The cumulative link mixed model output has a structure distinct from the Poisson and binomial GLMMs seen earlier, reflecting the ordinal nature of the response.

Random effects: the hospital-level variance is \(\hat{\sigma}^2_b = 1.212\) (SD = 1.101) on the logit scale which is a substantial amount of clustering. Some hospitals consistently treat more severe pain cases than others, and this must be accounted for before drawing conclusions about treatment.

Threshold coefficients: the four thresholds separate adjacent pain categories on the latent scale: 1|2 = \(-3.494\), 2|3 = \(-1.588\), 3|4 = \(0.429\), 4|5 = \(2.978\). Their increasing values confirm the correct ordering of categories. The wide spacing between the middle thresholds (2|3 to 3|4 spans about 2 logit units) and the extreme thresholds (1|2 and 4|5) reflects the fact that most patients fall in the middle categories which is consistent with the observed frequencies where categories 3 and 4 dominate in the Control group.

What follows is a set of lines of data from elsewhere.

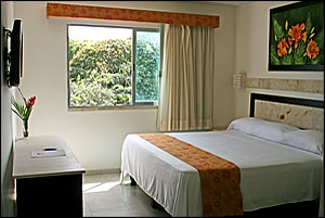 una cama King-size, aire acondicionado, LCD 32” con cable visión,
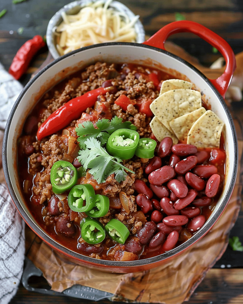This chili is incredibly easy to make, requiring simple pantry staples and minimal prep time. It’s rich and robust, thanks to a perfect balance of spices and slow simmering. You can customize it to your heat preference, and it tastes even better the next day, making it ideal for leftovers or meal prep. It’s also freezer-friendly and a guaranteed crowd-pleaser.
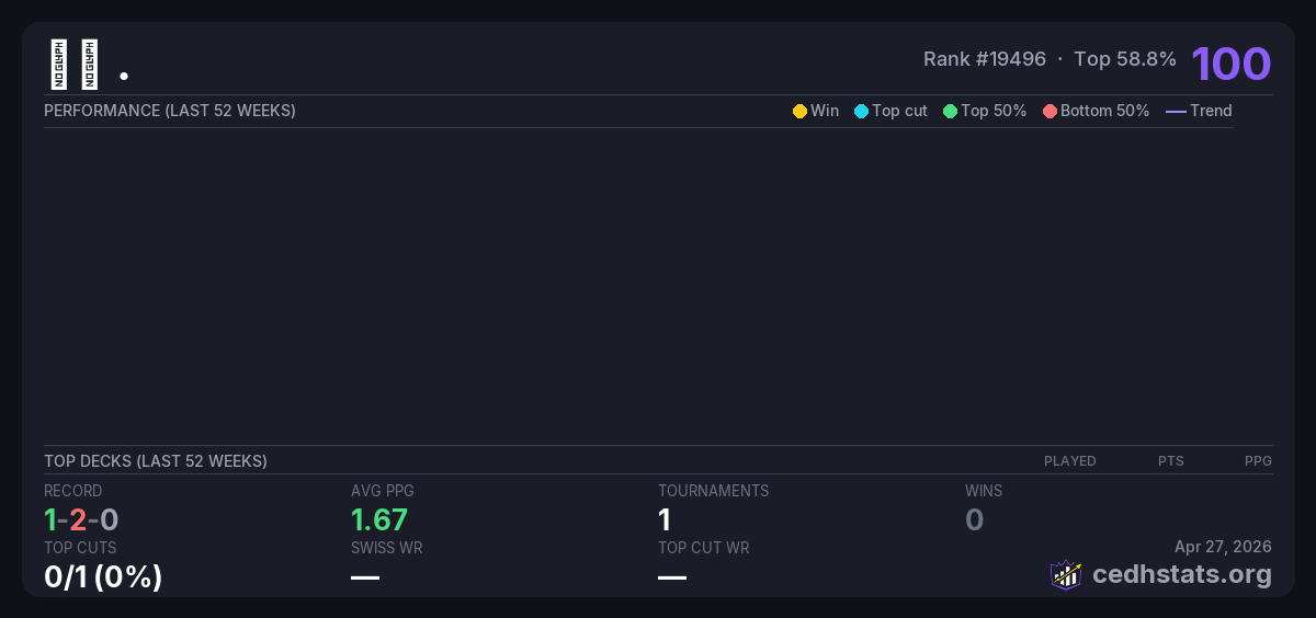 | 6月22日CEDH月赛 Jun 22, 2025 | Invalid pairing | 12/28 | 1-2-0 | 100 |
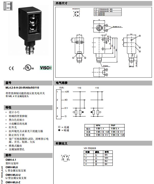 ML4.2-8-H-20-IR/40b/95/110,漫反射型传感器
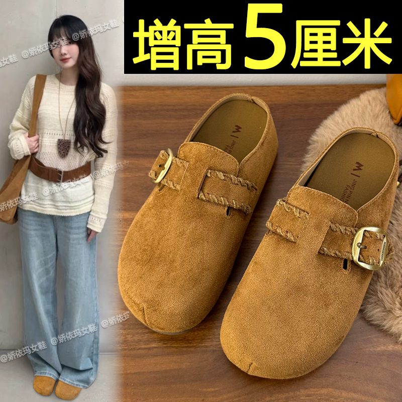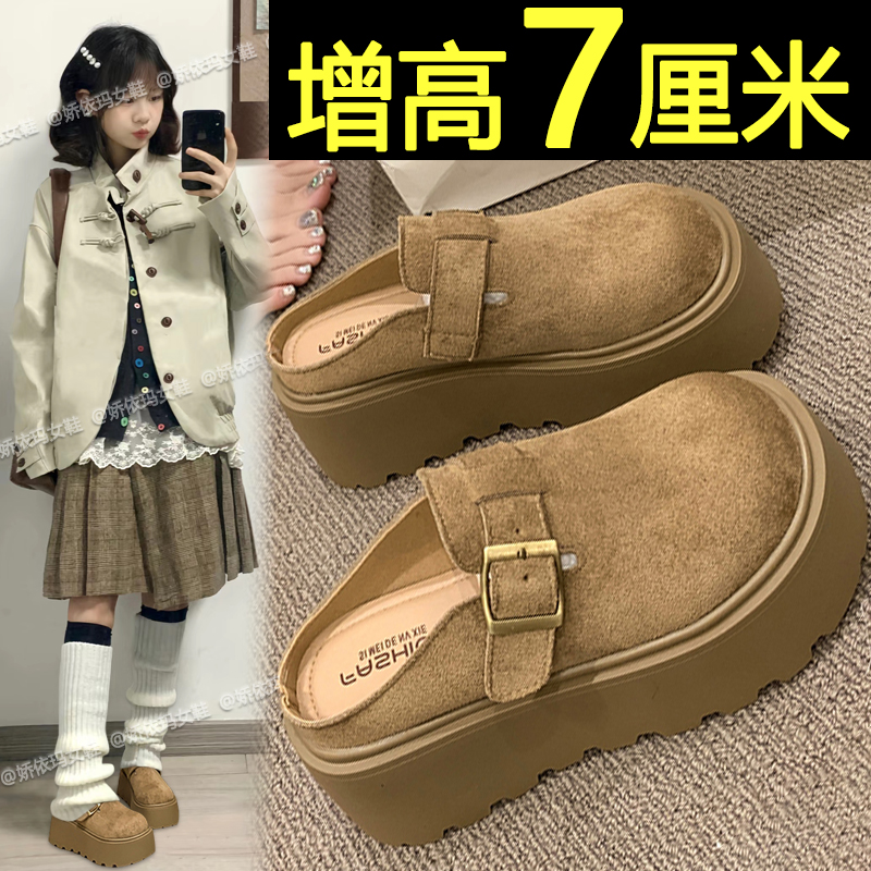 松糕勃肯鞋女外穿2025新款春秋季小个子厚底增高一脚蹬包头半拖鞋
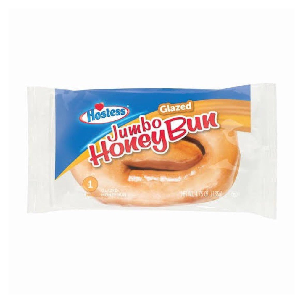 Indulge in a sweet treat with Hostess' Jumbo Honey Bun. Enjoy a 135g bun coated with a delicious glaze, perfect for an irresistible snack. Savor the irresistible aroma and delight in this treat's sugary goodness!
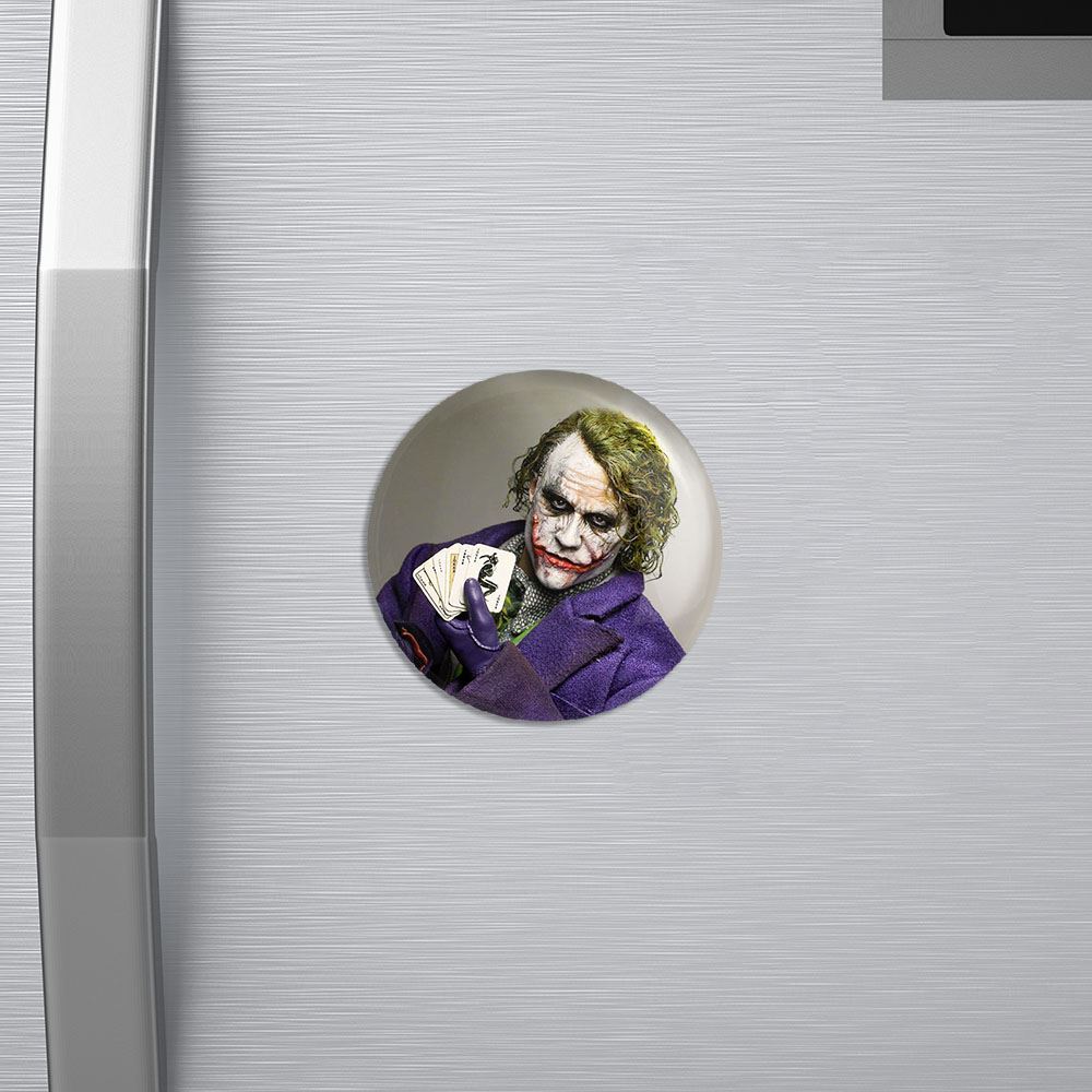 مگنت جوکر Joker خندالو با روکش سلفون مات مخملی ضدخش و قطعه پشتی فلزی تولید شده است که آهنربای اتمی بکار برده شده در محصول، بصورت مخفی تعبیه شده ودیده نمی شود. ضمن اینکه گیرایی بسیار بالایی داشته و به هیچ عنوان از روی یخچال نمی افتد.
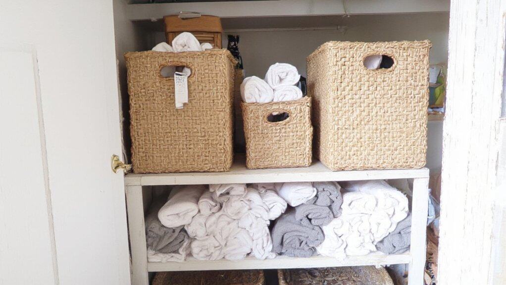 Installing sliding baskets in your towel closet is a practical way to maximize storage space and keep items easily accessible. These baskets glide out smoothly, allowing you to store towels, washcloths, and other linens in a neat, organized manner without having to rummage through stacks. To begin, measure the dimensions of your closet shelves to guarantee you purchase baskets that fit properly, and opt for durable, lightweight materials like wire or plastic for easy handling.
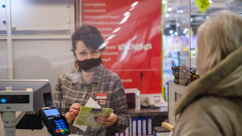 Сотрудница инфоленты Rimi в пярнуском Kaubamajakas Аннели Рейнарт не думает с горечью о тех, кто протестует, когда им приходится надевать маску в магазине на десять минут во время покупок, хотя она вынуждена ходить в ней целый день.

Treatment coefficient: \(\hat{\beta} = -1.565\) (\(z = -4.26\), \(p < 0.001\)). The negative sign means treatment shifts responses toward lower (less severe) pain categories. Exponentiated, \(e^{-1.565} = 0.209\): the proportional odds ratio is 0.21, meaning the odds of being in a higher pain category are 79% lower in the Treatment group than in the Control group, after accounting for hospital-level clustering. This single coefficient applies to all four thresholds simultaneously, this is the proportional odds assumption: the treatment effect is the same regardless of which threshold divides the categories.

Predicted category probabilities make the treatment effect concrete and immediately interpretable. In the Control group, probability is concentrated in categories 3 (moderate, 43.6%) and 4 (severe, 34.6%), with only 2.9% of patients in category 1. In the Treatment group, this distribution shifts markedly toward less severe outcomes: category 2 (mild) becomes the modal category (36.7%), category 1 (no pain) rises from 2.9% to 12.7%, and the probability of severe pain (category 4) drops from 34.6% to 10.9%. The probability of very severe pain (category 5) is essentially eliminated as we went from from 4.8% to 1.1%.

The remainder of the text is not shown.